Yes, people are flying domestically once again. And some countries are willing to open their borders to Americans. But all in all, most countries have shut their borders until the novel coronavirus pandemic is better under control, even as the virus makes its way to far-flung corners of the globe.

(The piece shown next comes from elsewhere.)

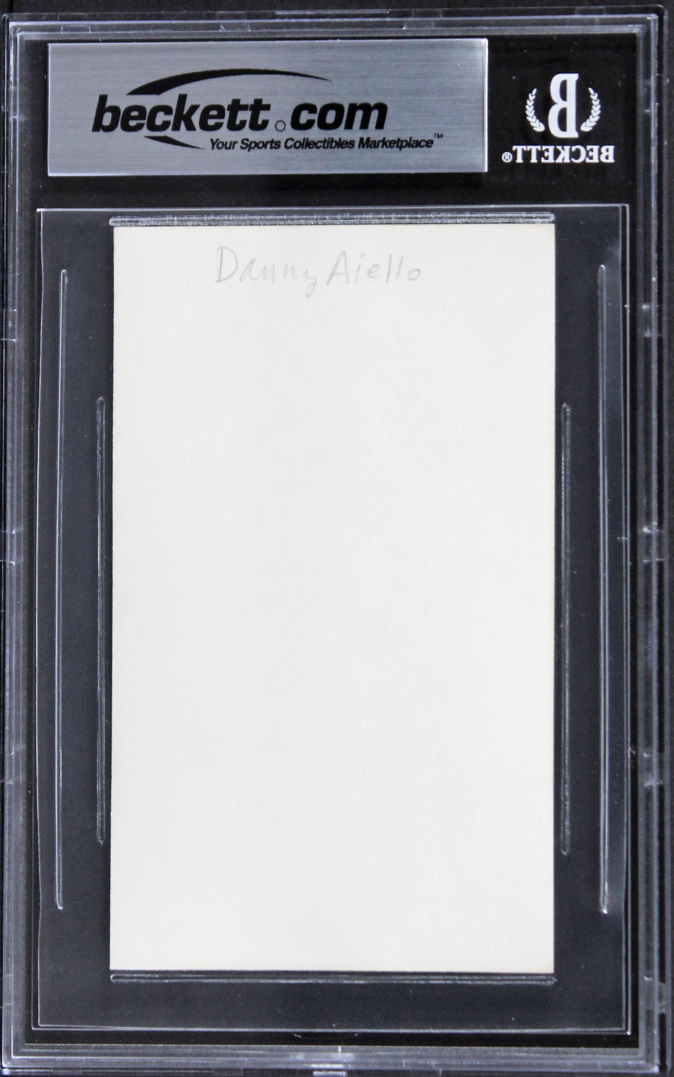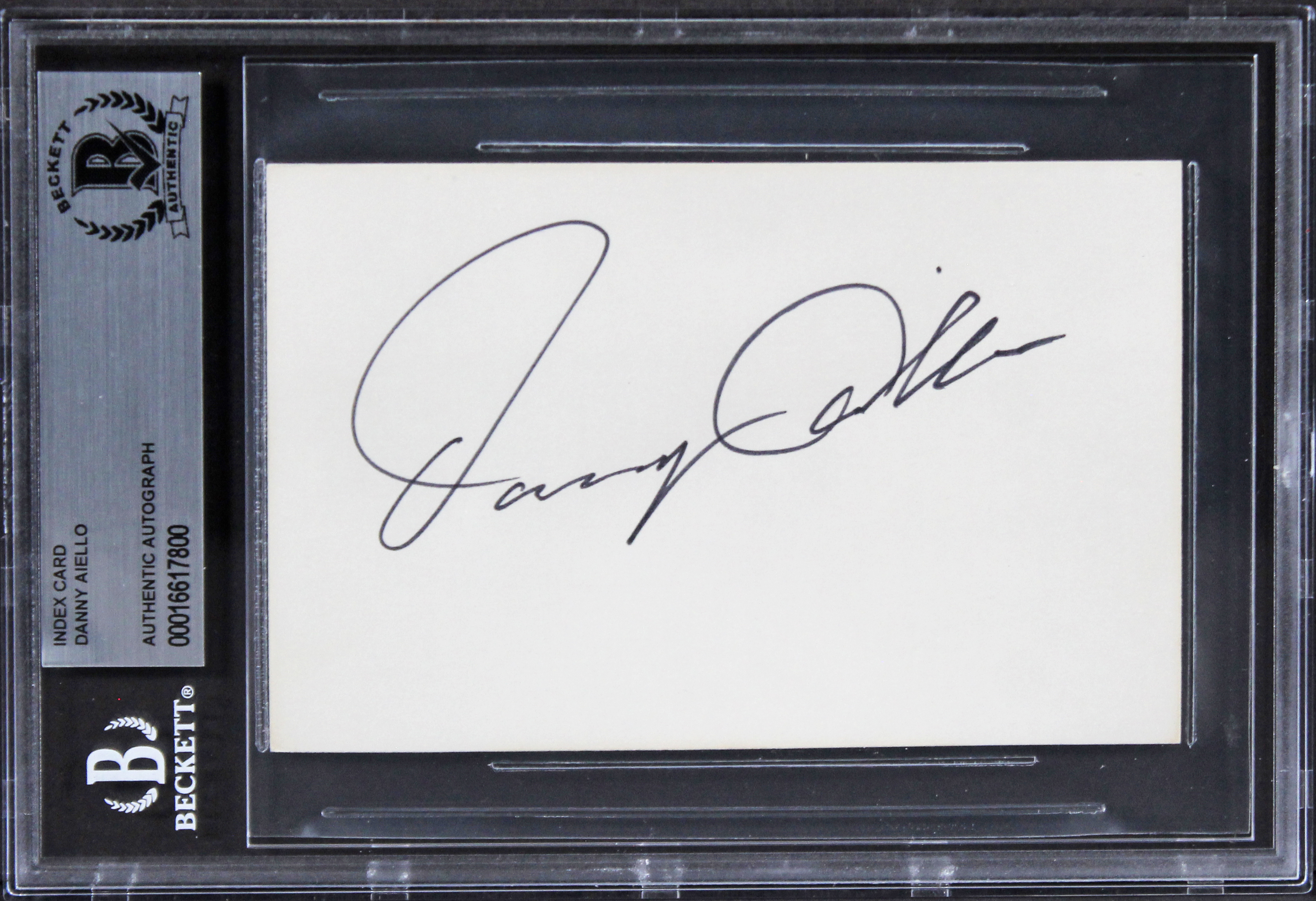 This Autographed 3x5 Index Card has been Personally Signed by Danny Aiello of Do the Right Thing. This item is 100% Authentic, it comes slabbed and authenticated by Beckett Authentication Services. The authenticity can be verified on Beckett Authentication Services website.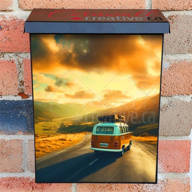Dress-up your Mailbox and your neighborhood with this brilliant Retro Van In Mountain Landscape Road Trip Colonial magnetic or self adhesive vinyl Mailbox Cover. Our magnetic covers feature a complete magnetic surface throughout the entire design, unlike lower-quality options that only incorporate two magnet strips combined with a piece of canvas. This ensures better functionality and a more reliable, stronger hold against the wind, also these covers have an additional UV protection, so your covers will not fade for many years. We offer self-adhesive and magnetic covers with both standard opaque vinyl or reflective vinyl options. The reflective mailbox covers function just like license plates and road signs, ensuring excellent visibility during nighttime. No matter the size of your mailbox, we make covers for all box sizes to suit your needs perfectly!

The point is, air travel is not back. Aside from the significant travel restrictions, there are daunting logistical issues. Beyond the flight, travelers have to move about in a new place, staying in hotels and eating in restaurants, especially now that it’s getting colder. And the pending approval of Boeing’s (NYSE:BA) star-crossed 737 MAX isn’t helping things either.

Here are 7 top airline stocks that can’t get airborne:

  • United Airlines (NYSE:UAL)
  • Hawaiian Holdings (NYSE:HA)
  • Delta Airlines (NYSE:DAL)
  • Southwest Airlines (NYSE:LUV)
  • Spirit Airlines (NYSE:SAVE)
  • Copa Holdings SA (NYSE:CPA)
  • GOL Linhas Aereas Inteligentes (NYSE:GOL)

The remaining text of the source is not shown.